Figura 1 Jornal Varadouro, Maio de 1980

Mas foi também neste contexto de intenso conflito que as populações indígenas se organizaram na defesa dos seus territórios e articulação com movimento indígena do Brasil, além de se alinharem aos vários movimentos espalhados pelo país, que desejavam o fim do governo militar e a reivindicação de uma sociedade de direito. Ademais existiam ainda entidades de apoio aos direitos indígenas como o Conselho Indigenista Missionário (CIMI), a Comissão Pró-Índio do Acre (CPI/AC), e a FUNAI, e que foram importantes nas denuncias de invasões e agressões além de oferecer apoio técnico a estas comunidades.

A chegada da Funai aconteceu em meados dos anos de 1970 e representou a primeira atuação concreta por parte do estado no âmbito estadual e federal voltada a atender reivindicações indígenas. Os órgãos governamentais e grande parte da sociedade acreana consideravam estas populações como não indígenas, pois haviam sido incorporadas ao sistema seringalista, e, portanto, teriam deixado sua cultura ancestral já naquele contexto. Esta interpretação ancorava-se muito nas visões essencializadas e aculturadas das dimensões culturais como já destacamos aqui.

(5)

Após a chegada da Funai e o indispensável trabalho dos antropólogos e de setores importantes da Igreja Católica como o CIMI, as populações indígenas que durante muitos anos foram tratados como “aculturados” e caboclos, entraram num processo de auto afirmação da sua identidade e ancestralidade, elemento indispensável para o processo de regularização das terras indígenas. No entanto, a garantia das terras indígenas na constituição de 1988 não foi suficiente para efetivação desta demanda histórica, uma vez que além da organização das etnias era necessário enfrentar a constante burocratização que consistia não apenas em reconhecer o direito a terra, mas negociar estas terras com os fazendeiros.

Vale ressaltar que mesmo com o apoio das entidades indigenistas, que sem dúvida foram importantes para organização política, os indígenas de diferentes etnias aglutinados na UNI (União das Nações Indígenas), foram protagonistas de todas as conquistas que se estenderam pelos anos de 1980 a 2000. Conforme veremos no Jornal O Rio Branco durante os anos de 1990, algumas etnias saiam à frente das lideranças da FUNAI realizando o trabalho de demarcação das suas terras, que posteriormente foram homologadas como terras indígenas.

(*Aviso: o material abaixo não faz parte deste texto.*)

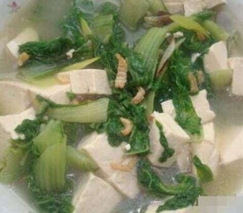 原料:豆腐750克,油菜125克,海米30克,植物油75克,麻油10克,味精7.5克,鹽8克,水淀粉20克,蔥花10克。
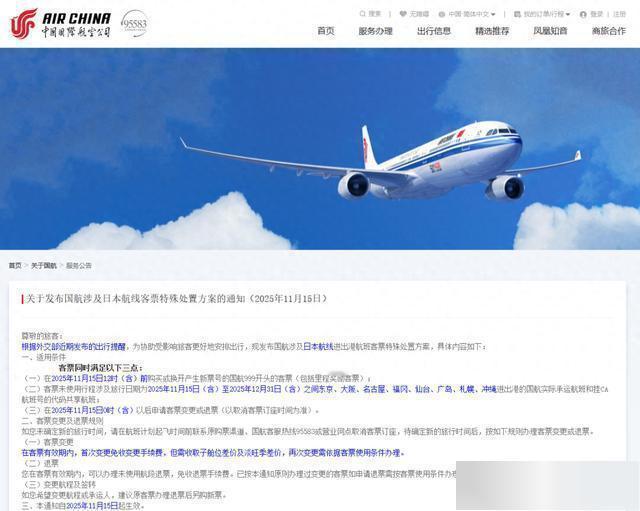11月19日,据央视新闻报道,从11月16日开始,中国🇨🇳多家航空公司取消日本航班,国航、南航、东航等多家航空公司取消部分航班,具体涉及日本东京、大贩、札幌等城市。各大航空公司为赴日本旅游人员办理退票手续。 同时,国内多家旅行社宣布日本酒店退房通知。 中国🇨🇳基本上停止到日本旅游的所有业务,留学日本的也在暂停状态,这是日本首相高市挑衅中国🇨🇳采取反制措施第一步。
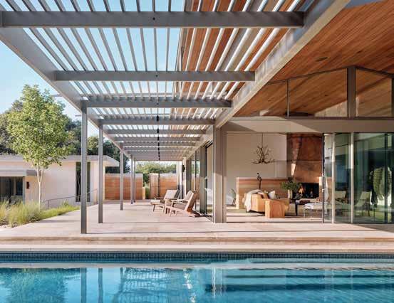 The architecture incorporates deep steel trellises and vertical wood screens, reminiscent of the dappled shade provided by the surrounding oak trees. These elements offer an additional layer of protection against the sun while allowing for shaded outdoor spaces. The thick walls and shading devices enable large glass expanses that open towards the courtyard, offering uninterrupted views of the river. This design choice strengthens the indoor/ outdoor relationship, creating spaces where occupants can engage directly with the natural environment, from the rustling leaves of the trees to the tranquil flow of the river. Blanco River Ranch is more than just a residence; it is an architectural ode to the Texas landscape. It showcases how residential architecture can be sensitively and intelligently designed to embrace and enhance its natural setting, offering both shelter and a deep connection to the environment.
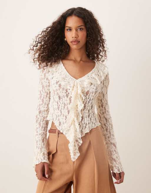 ASOS DESIGN tie front ruffle detail textured lace top in cream
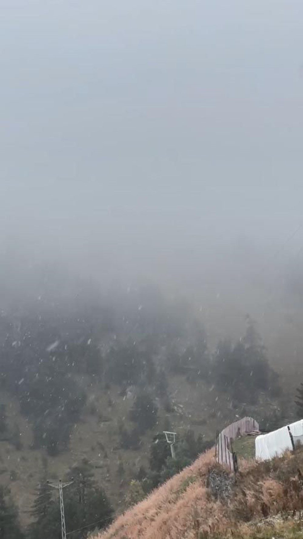 Bolu’da sabah saatlerinden itibaren aralıklarla tesirli olan yağmur, yüksek kısımlarda yerini kara bıraktı. Köroğlu Dağları’nın tepesindeki 2 bin 200 rakımlı kayak merkezi Kartalkaya’ya mevsimin birinci karı düştü.
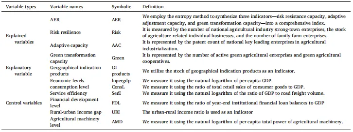 总体而言,GI产业的集聚通过选择、集聚和回流效应,改善了农业流程。集聚为增强农业经济韧性提供了强大动力。基于此,本研究提出以下假设:
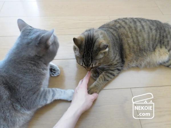 どうやらきな粉のニオイがする手をクンクン。
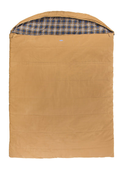 Designed to fit two people comfortably, the Kamp-Rite overnighter 2 person sleeping bag provides plenty of warmth and insulation from frigid conditions. Constructed with a durable canvas outer shell and a cotton flannel liner, the sleeping bag can handle temperatures as low as 10 degrees. The sleeping bag rolls compactly into the included carry bag for easy transport and storage.
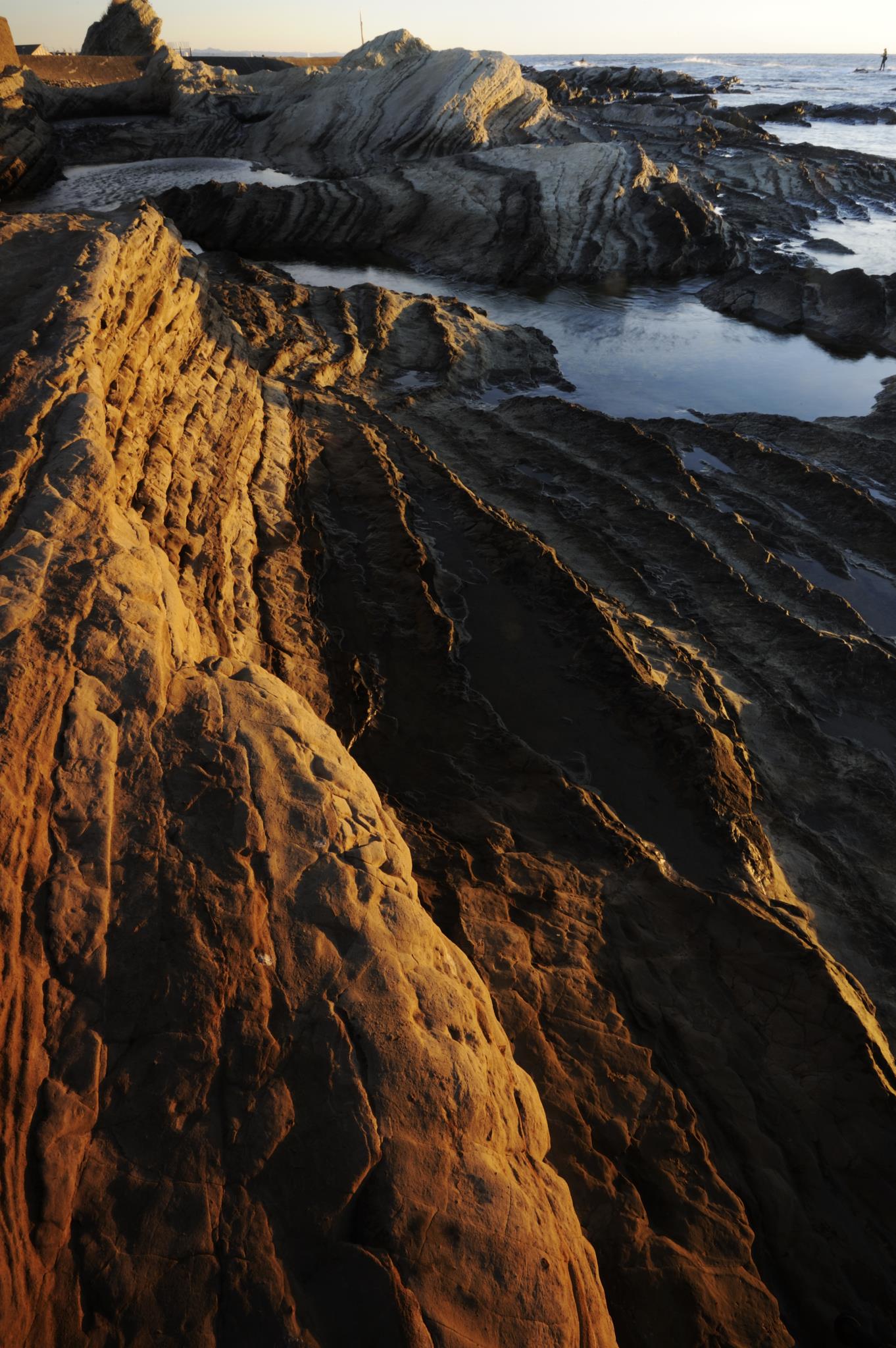 岩場に朝日が当たり好きな写真です 右端にも釣り人がいたのですね

Decidida em uma assembleia geral que reuniu Kulinas e Kaxinawas, a autodemarcação foi uma forma que os indígenas encontraram de acelerar os processos de

(6)

regularização destas terras. Havia uma pressão por parte destes sujeitos, que se descobriram agentes políticos, capazes de se mobilizar e que ao mesmo tempo enfrentavam constantes ameaças de fazendeiros que esperavam por suas indenizações.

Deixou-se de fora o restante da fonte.